(Records excerpted from a collection)
=-=-=-=-=

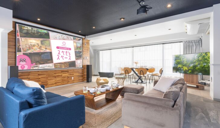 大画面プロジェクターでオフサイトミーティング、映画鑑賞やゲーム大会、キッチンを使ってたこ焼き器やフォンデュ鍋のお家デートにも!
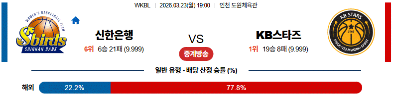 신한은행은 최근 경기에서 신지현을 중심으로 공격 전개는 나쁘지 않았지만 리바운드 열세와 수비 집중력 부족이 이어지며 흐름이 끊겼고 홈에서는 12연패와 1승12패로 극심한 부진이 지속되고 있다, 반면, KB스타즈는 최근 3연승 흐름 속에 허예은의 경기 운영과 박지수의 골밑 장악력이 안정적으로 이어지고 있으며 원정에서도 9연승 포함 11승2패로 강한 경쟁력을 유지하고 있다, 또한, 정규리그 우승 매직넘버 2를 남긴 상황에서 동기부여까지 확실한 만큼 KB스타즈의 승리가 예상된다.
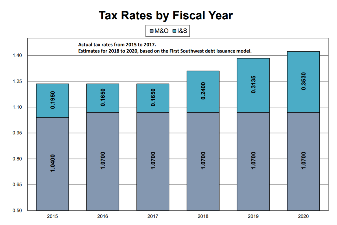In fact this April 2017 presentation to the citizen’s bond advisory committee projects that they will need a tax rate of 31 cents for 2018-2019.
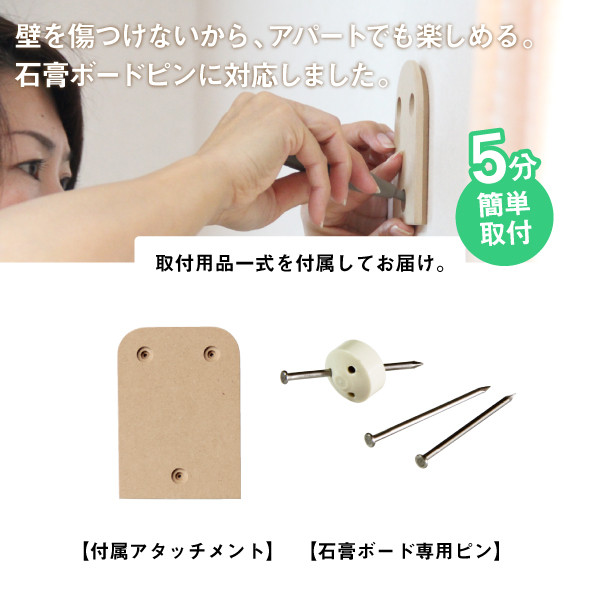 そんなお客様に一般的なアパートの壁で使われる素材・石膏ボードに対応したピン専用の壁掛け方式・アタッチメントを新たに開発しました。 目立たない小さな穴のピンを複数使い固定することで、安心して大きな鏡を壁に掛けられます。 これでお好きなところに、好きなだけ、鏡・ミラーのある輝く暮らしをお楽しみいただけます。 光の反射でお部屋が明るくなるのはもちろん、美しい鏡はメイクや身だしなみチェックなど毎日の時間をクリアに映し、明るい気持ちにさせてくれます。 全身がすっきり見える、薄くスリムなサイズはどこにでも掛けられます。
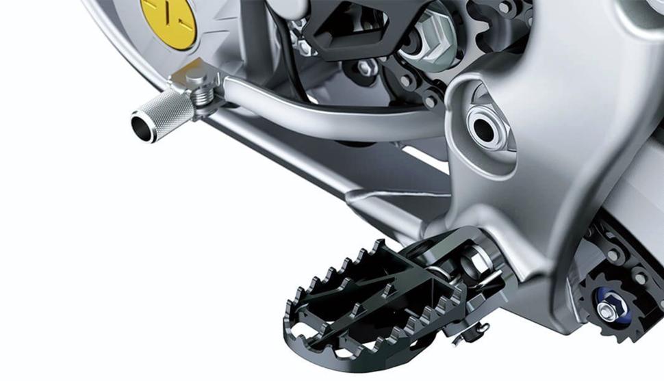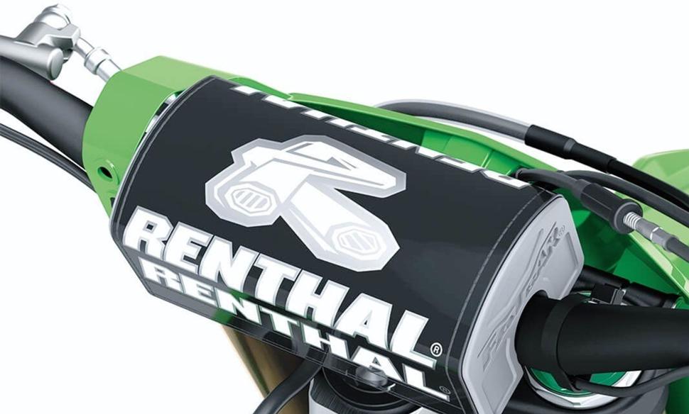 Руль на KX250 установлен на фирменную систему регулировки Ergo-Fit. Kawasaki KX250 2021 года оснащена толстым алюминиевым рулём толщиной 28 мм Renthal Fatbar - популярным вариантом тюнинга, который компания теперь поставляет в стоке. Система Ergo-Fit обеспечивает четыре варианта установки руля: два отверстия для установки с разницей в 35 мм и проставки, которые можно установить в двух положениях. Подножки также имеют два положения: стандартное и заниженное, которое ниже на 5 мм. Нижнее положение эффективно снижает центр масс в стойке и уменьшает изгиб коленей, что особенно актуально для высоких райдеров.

=-=-=-=-=

Your goal
Repeat the entries faithfully. Any picture gets left out.

Finished task
 大画面プロジェクターでオフサイトミーティング、映画鑑賞やゲーム大会、キッチンを使ってたこ焼き器やフォンデュ鍋のお家デートにも!
 신한은행은 최근 경기에서 신지현을 중심으로 공격 전개는 나쁘지 않았지만 리바운드 열세와 수비 집중력 부족이 이어지며 흐름이 끊겼고 홈에서는 12연패와 1승12패로 극심한 부진이 지속되고 있다, 반면, KB스타즈는 최근 3연승 흐름 속에 허예은의 경기 운영과 박지수의 골밑 장악력이 안정적으로 이어지고 있으며 원정에서도 9연승 포함 11승2패로 강한 경쟁력을 유지하고 있다, 또한, 정규리그 우승 매직넘버 2를 남긴 상황에서 동기부여까지 확실한 만큼 KB스타즈의 승리가 예상된다.
In fact this April 2017 presentation to the citizen’s bond advisory committee projects that they will need a tax rate of 31 cents for 2018-2019.
 そんなお客様に一般的なアパートの壁で使われる素材・石膏ボードに対応したピン専用の壁掛け方式・アタッチメントを新たに開発しました。 目立たない小さな穴のピンを複数使い固定することで、安心して大きな鏡を壁に掛けられます。 これでお好きなところに、好きなだけ、鏡・ミラーのある輝く暮らしをお楽しみいただけます。 光の反射でお部屋が明るくなるのはもちろん、美しい鏡はメイクや身だしなみチェックなど毎日の時間をクリアに映し、明るい気持ちにさせてくれます。 全身がすっきり見える、薄くスリムなサイズはどこにでも掛けられます。
 Руль на KX250 установлен на фирменную систему регулировки Ergo-Fit. Kawasaki KX250 2021 года оснащена толстым алюминиевым рулём толщиной 28 мм Renthal Fatbar - популярным вариантом тюнинга, который компания теперь поставляет в стоке. Система Ergo-Fit обеспечивает четыре варианта установки руля: два отверстия для установки с разницей в 35 мм и проставки, которые можно установить в двух положениях. Подножки также имеют два положения: стандартное и заниженное, которое ниже на 5 мм. Нижнее положение эффективно снижает центр масс в стойке и уменьшает изгиб коленей, что особенно актуально для высоких райдеров.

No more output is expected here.